MATERIALS AND METHODS Insects

The screening of Bacillus thuringiensis (Bt) Cry proteins with high potential to control insect pests has been the goal of numerous research groups. In this study, we evaluated six monogenic Bt strains (Bt dendrolimus HD-37, Bt kurstaki HD-1, Bt kurstaki HD-73, Bt thuringiensis 4412, Bt kurstaki NRD-12 and Bt entomocidus 60.5, which codify the cry1Aa, cry1Ab, cry1Ac, cry1Ba, cry1C, cry2A genes respectively) as potential insecticides for the most important insect pests of irrigated rice: Spodoptera frugiperda, Diatraea saccharalis, Oryzophagus oryzae, Oebalus poecilus and Tibraca limbativentris.

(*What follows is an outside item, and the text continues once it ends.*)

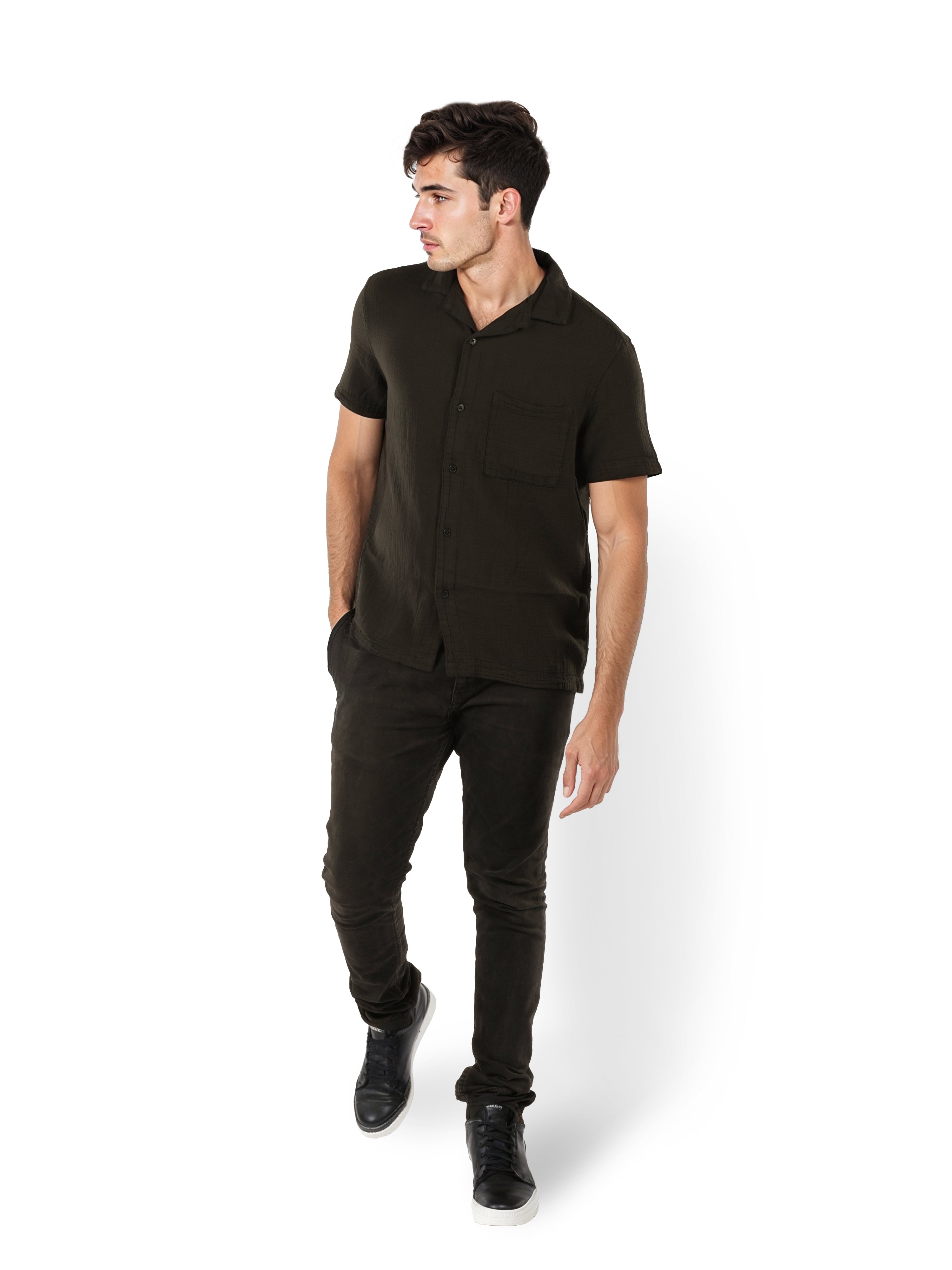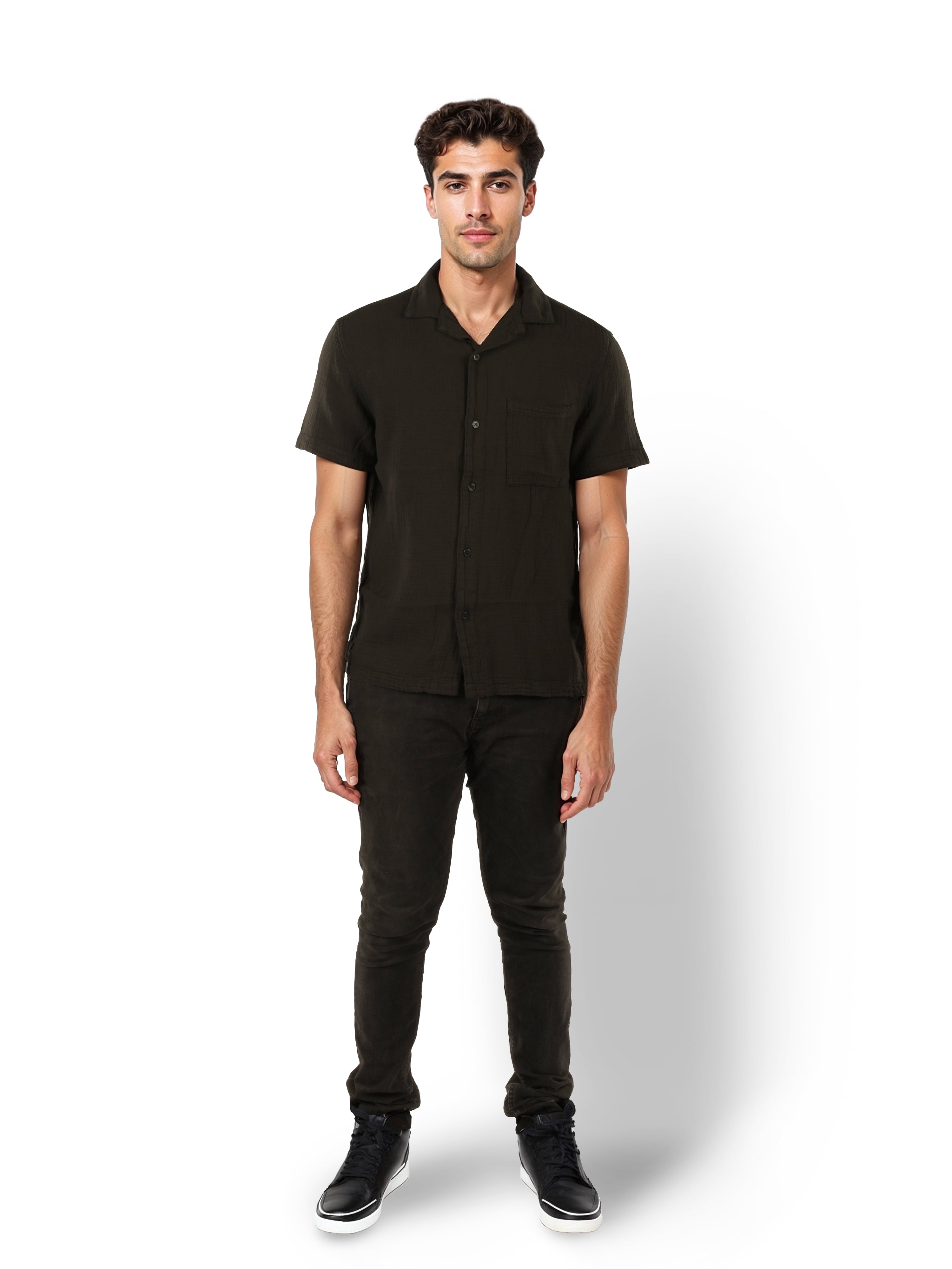Celio* Men Olive Solid Overshirt Cotton-Tencel-Blend Shirts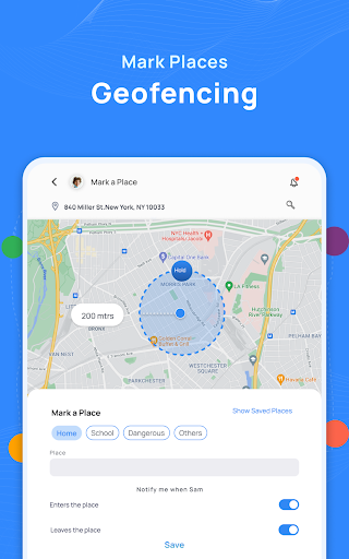 •Geofencing:locationsの周りにGPSジオフェンスを作成し、子供が自宅、学校、またはマークされたものを去ったり到着したりしたときにアラートを取得します場所。

We also analyzed their compatibility with chemical insecticides (thiamethoxam, labdacyhalothrin, malathion and fipronil), which are extensively used in rice crops. The bioassay results showed that Bt thuringiensis 4412 and Bt entomocidus 60.5 were the most toxic for the lepidopterans, with a 93% and 82% mortality rate for S. frugiperda and D. saccharalis, respectively. For O. oryzae, the Bt kurstaki NRD-12 (64%) and Bt dendrolimus HD-37 (62%) strains were the most toxic. The Bt dendrolimus HD-37 strain also caused high mortality (82%) to O. poecilus, however the strains assessed to T. limbativentris caused a maximum rate of 5%. The assays for the Bt strains interaction with insecticides revealed the compatibility of the six strains with the four insecticides tested. The results from this study showed the high potential of cry1Aa and cry1Ba genes for genetic engineering of rice plants or the strains to biopesticide formulations.